=== Begin Enclosure ===

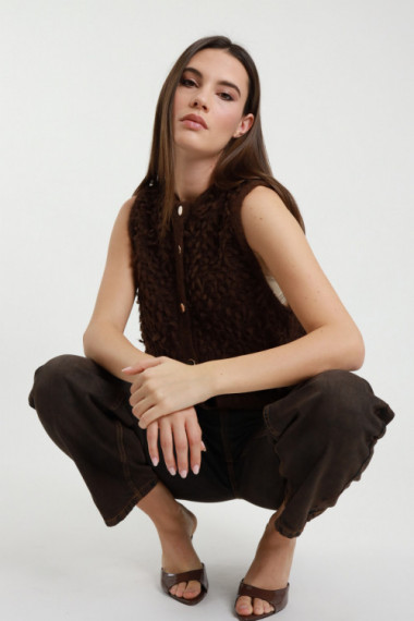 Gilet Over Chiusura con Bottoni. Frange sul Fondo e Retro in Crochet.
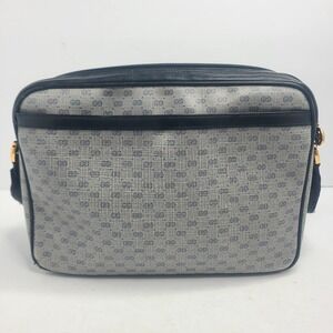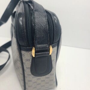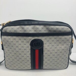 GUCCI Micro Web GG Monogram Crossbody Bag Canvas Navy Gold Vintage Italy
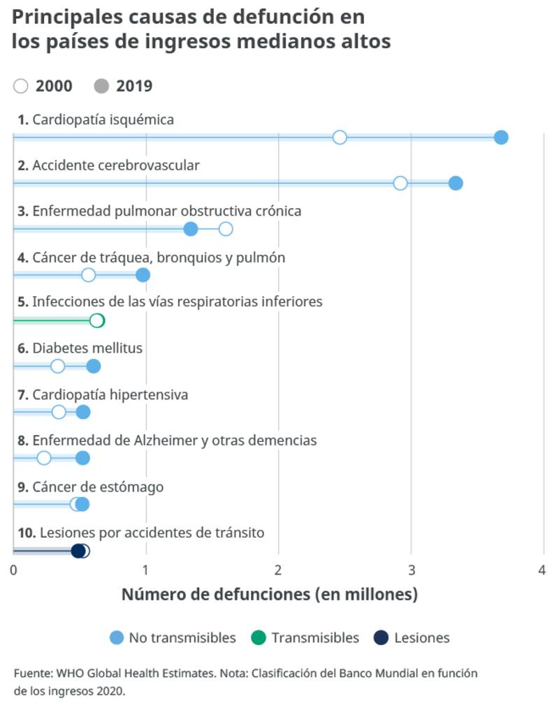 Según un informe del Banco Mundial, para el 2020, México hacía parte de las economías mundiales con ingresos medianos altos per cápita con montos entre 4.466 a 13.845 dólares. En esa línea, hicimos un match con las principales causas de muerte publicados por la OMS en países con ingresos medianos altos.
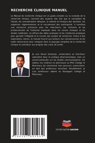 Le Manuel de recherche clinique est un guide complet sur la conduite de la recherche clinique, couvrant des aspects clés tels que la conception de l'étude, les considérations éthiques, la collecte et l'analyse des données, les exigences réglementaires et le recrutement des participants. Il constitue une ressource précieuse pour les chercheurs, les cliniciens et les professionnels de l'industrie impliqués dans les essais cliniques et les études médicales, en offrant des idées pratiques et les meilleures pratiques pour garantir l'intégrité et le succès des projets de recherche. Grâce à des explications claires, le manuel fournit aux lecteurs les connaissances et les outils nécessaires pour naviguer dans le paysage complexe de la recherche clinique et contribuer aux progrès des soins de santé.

=== End Enclosure ===
=== Begin Enclosure ===

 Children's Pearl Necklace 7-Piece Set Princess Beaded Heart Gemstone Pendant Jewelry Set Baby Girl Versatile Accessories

=== End Enclosure ===

*EXERCISE*
Working from the entries above, please transcribe only the lines from the line with "Gilet Over Chiusura" through the line with "Le Manuel de", exactly, with both end lines and without pictures.

*SOLUTION FOR THIS EXERCISE*
 Gilet Over Chiusura con Bottoni. Frange sul Fondo e Retro in Crochet.
 GUCCI Micro Web GG Monogram Crossbody Bag Canvas Navy Gold Vintage Italy
 Según un informe del Banco Mundial, para el 2020, México hacía parte de las economías mundiales con ingresos medianos altos per cápita con montos entre 4.466 a 13.845 dólares. En esa línea, hicimos un match con las principales causas de muerte publicados por la OMS en países con ingresos medianos altos.
 Le Manuel de recherche clinique est un guide complet sur la conduite de la recherche clinique, couvrant des aspects clés tels que la conception de l'étude, les considérations éthiques, la collecte et l'analyse des données, les exigences réglementaires et le recrutement des participants. Il constitue une ressource précieuse pour les chercheurs, les cliniciens et les professionnels de l'industrie impliqués dans les essais cliniques et les études médicales, en offrant des idées pratiques et les meilleures pratiques pour garantir l'intégrité et le succès des projets de recherche. Grâce à des explications claires, le manuel fournit aux lecteurs les connaissances et les outils nécessaires pour naviguer dans le paysage complexe de la recherche clinique et contribuer aux progrès des soins de santé.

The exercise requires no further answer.